Gleam language reaches 1.5 release

Gleam 1.5, the latest version of a statically typed language for the Erlang virtual machine and JavaScript runtimes, has been published, with productivity improvements such as upgraded compile-time error messages.

Launched September 19, Gleam 1.5 can be accessed from GitHub. With this release, compile-time error messages for inexhaustive pattern matching have been upgraded to show the unmatched values using the syntax the programmer would use in their code, respecting aliases and imports in modules. The change makes it easier to understand an error message. Missing patterns can be copied from the error directly into the source code.  

Also with Gleam 1.5, implicit todo formatting is featured.  If developers write a use expression without any more code in that block, the compiler implicitly inserts a todo expression. With this release, the Gleam code formatter will insert the todo to make it clearer what is happening.

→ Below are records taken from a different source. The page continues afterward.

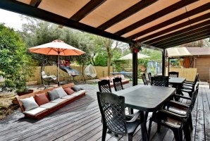 לרשות האורחים בריכת שחייה פרטית מקורה ומגודרת להבטחת פרטיות מלאה. מתחם החוץ כולל פינות ישיבה נוחות עם ריהוט גן אלגנטי, שולחן גינה ועמדת מנגל BBQ. בנוסף, תוכלו ליהנות מהמיטות שיזוף המוצבות בחצר ולהתפנק בשמש הצפונית.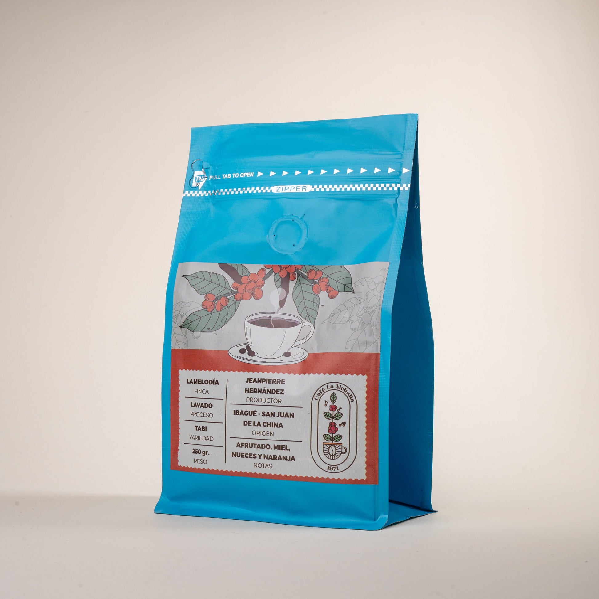 La Melodía es un café refinado y sofisticado, cultivado en las montañas de San Juan de la China, Ibagué, por el caficultor Jean Pierre Hernández. Con la variedad Tabi como protagonista y un proceso de lavado meticuloso, este café revela una experiencia sensorial pura y delicada, donde se destaca su equilibrio y frescura.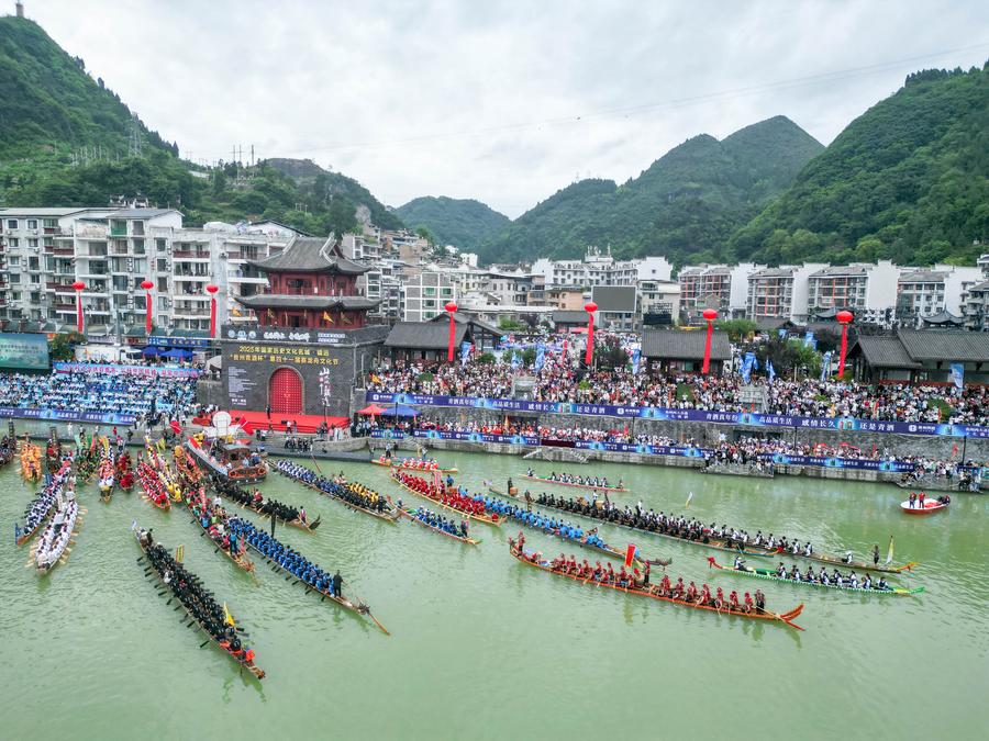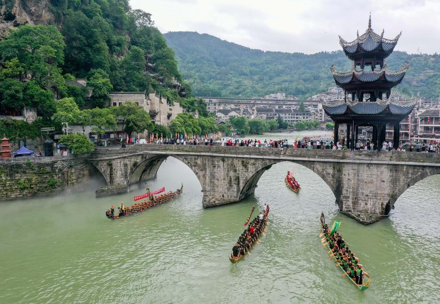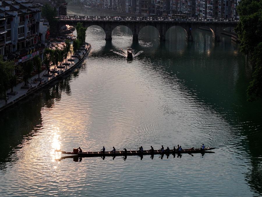Locals row a dragon boat in Zhenyuan ancient town in Qiandongnan Miao and Dong Autonomous Prefecture in southwest China's Guizhou Province, May 20, 2025. (Xinhua/Ou Dongqu)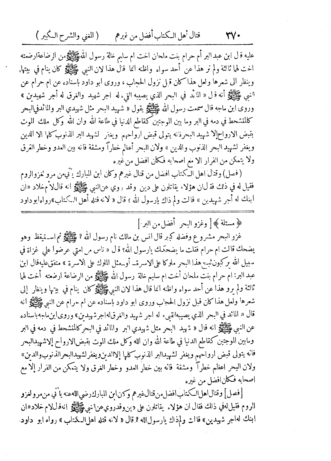 (مسألة) [وغزو البحر أفضل من البر] غزو البحر مشروع وفضله كبير قال أنس بن مالك نام رسول الله؟ صلى الله عليه وسلم ثم استيقظ وهو يضحك قالت أم حرام فقلت ما يضحكك يارسول الله؟ قال (ناس من أمتي عرضوا علي غزاة في سبيل الله يركبون ثبح هذا البحر ملوكاً على الأسرة - أو - مثل الملوك على الأسرة) متفق عليه قال ابن عبد البر: أم حرام بنت ملحان أخت أم سليم خالة رسول الله صلى الله عليه وسلم من الرضاعة أرضعته أخت لهما ثالثة ولم يرو هذا عن أحد سواه وأظنه إنما قال هذا لأن النبي صلى الله عليه وسلم كان ينام في بيتها وينظر إلى شعرها ولعل هذا كان قبل نزول الحجاب وروى أبو داود باسناده عن أم حرام عن النبي صلى الله عليه وسلم أنه قال (المائد في البحر الذي يصيبه القئ له أجر شهيد والغرق له أجر شهيدين) وروى ابن ماجة بإسناده عن النبي صلى الله عليه وسلم أنه قال (شهيد البحر مثل شهيدي البر والمائد في البحر كالمتشحط في دمه في البر وما بين الموجتين كقاطع الدنيا في طاعة الله وإن الله وكل ملك الموت بقبض الأرواح إلا شهيد البحر فإنه يتولى قبض أرواحهم ويغفر لشهيد البر الذنوب كلها إلا الدين ويغفر لشهيد البحر الذنوب والدين) ولأن البحر اعظم خطراومشقة فإنه بين خطر العدو وخطر الغرق ولا يتمكن من الفرار إلا مع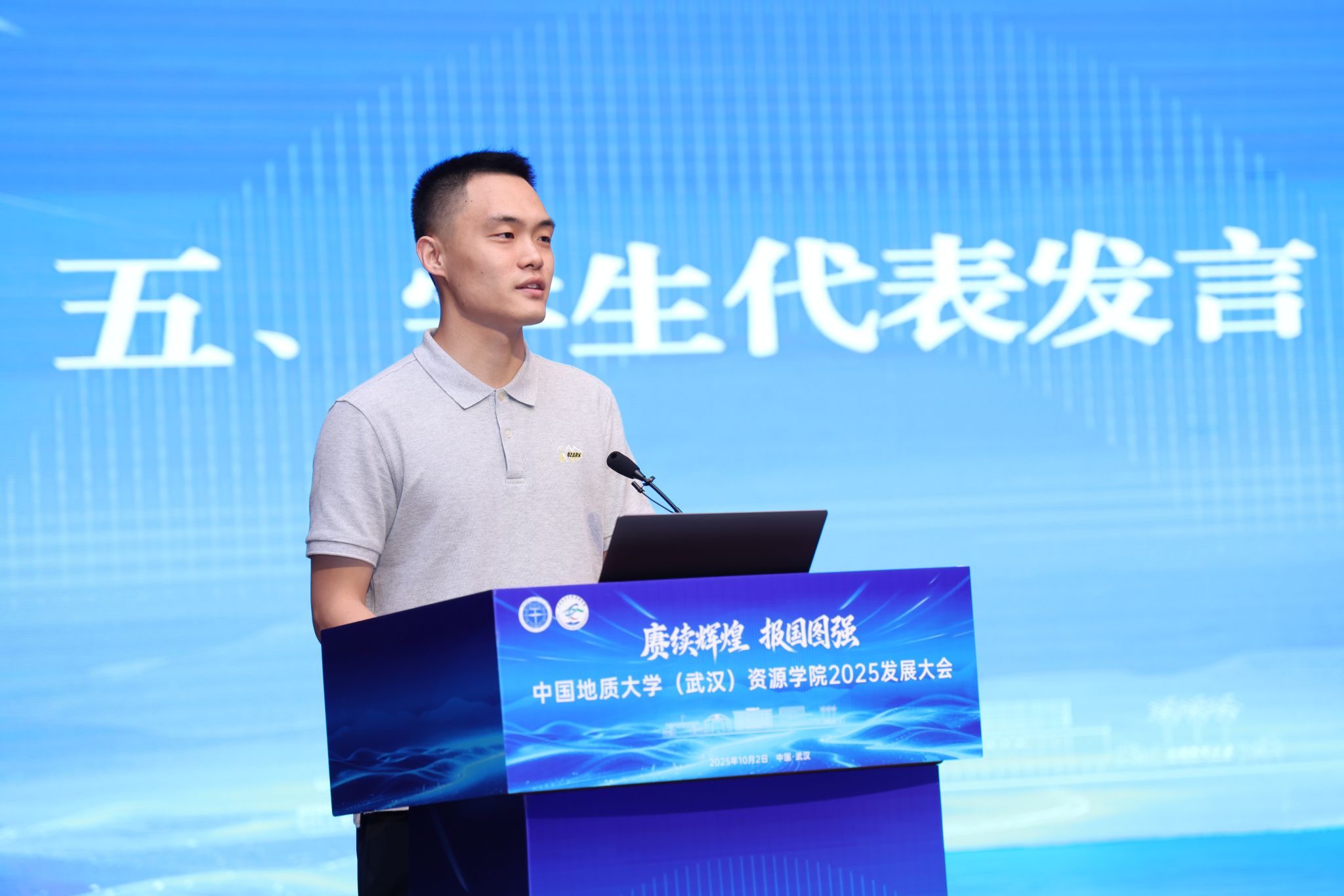 员工代表、2024级博士研究生代表张启扬发言。他结合自身科研实践经历分析了成长体悟,他立志用专业知识服务能源资源安全保障,展现资源人的担当与使命,让青春之花在祖国最需要的地方绽放光彩。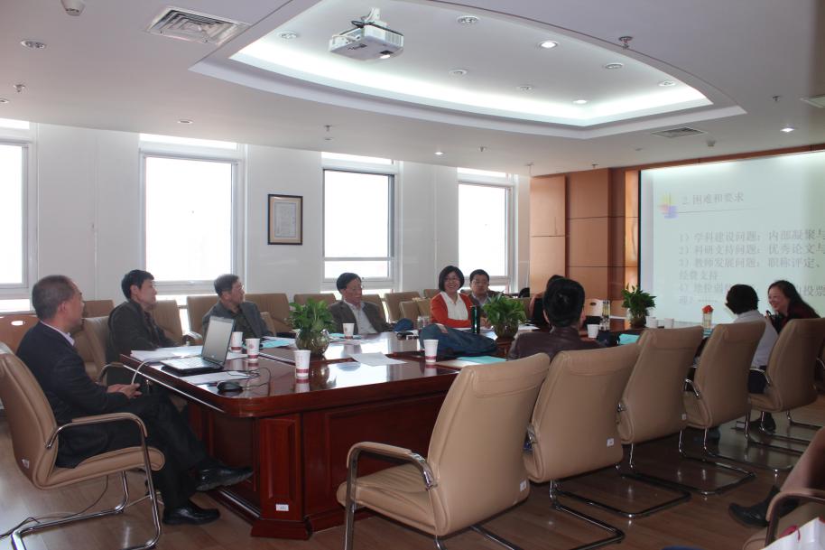 焦洪昌院长表明此次调研活动是为了了解各研究所和教研室“学人、学术、学科”建设的具体情况,以此次本科教学评估为契机,促进学科建设与行政管理相分离的教育教学改革,解读成绩,发现问题和不足,并明确今后的努力方向。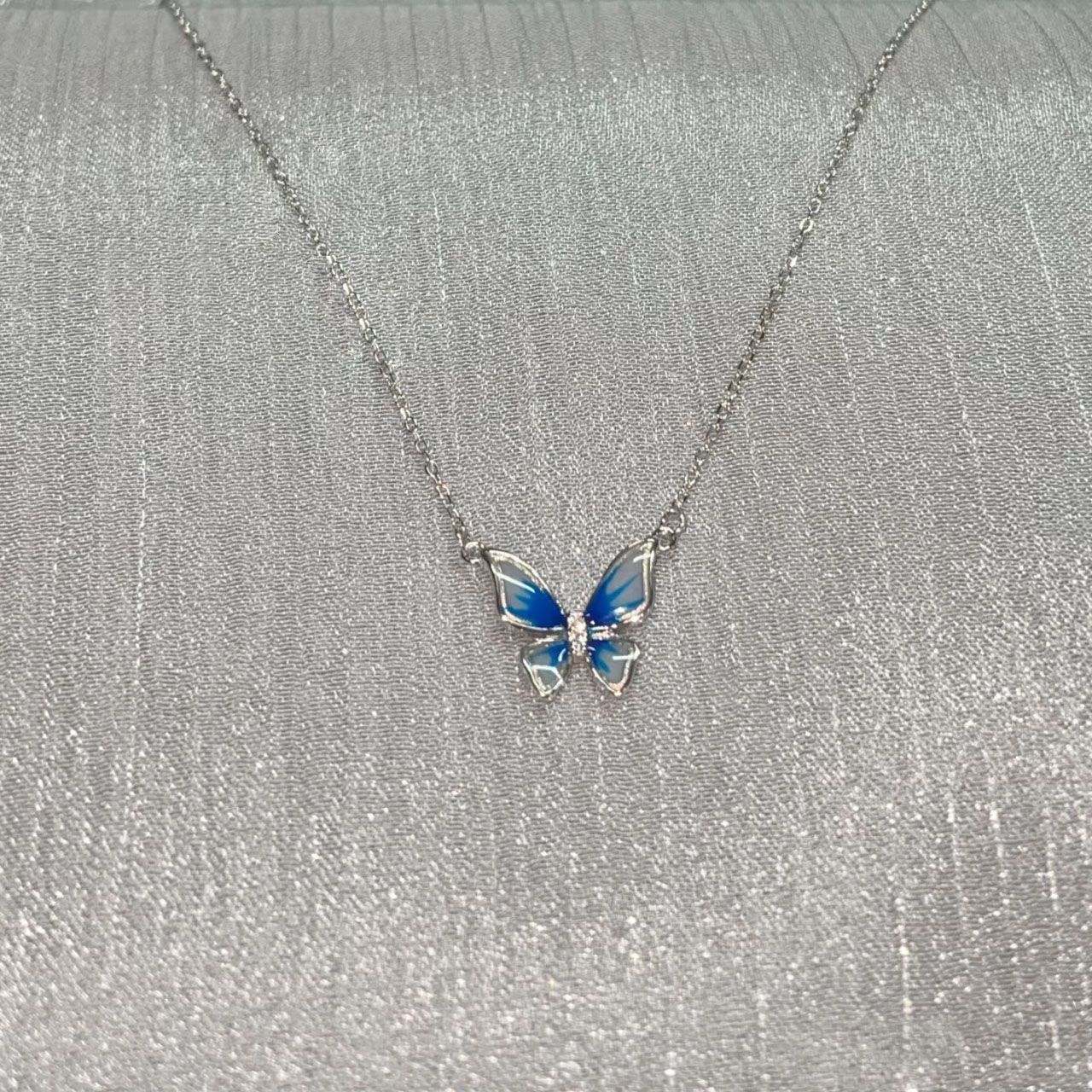 ブルーグラデーションバタフライネックレスレディースファッションライトラグジュアリータンプル多用途ハイエンドフェアリースタイルコールドスタイル鎖骨チェーン

Version 1.5 follows the March announcement of Gleam 1.0, which then was followed by several point releases. Gleam itself is positioned as a language for building type-safe systems that scale. Elsewhere in Gleam 1.5:

  • Language server code actions are featured, including auto-completion for local variable and function arguments to the language server.
  • Silent compilation is featured, tending to a situation in which when a command such as gleam run or gleam test is run, progress information is printed. Sometimes, developers only want to see the output from tests or programs; a no-print-progress flag has been added to silence the additional output. Also, this information is now printed to the standard error rather than standard out, making it possible to redirect it elsewhere in a developer’s command line shell.
  • The build tool now skips compiling code if a dependency module is being run.
  • HTML documentation has been improved.
  • The compiler now shows a helpful error message if developers try writing an if expression instead of a case. Gleam has one single-flow construct: the pattern matching the case expression.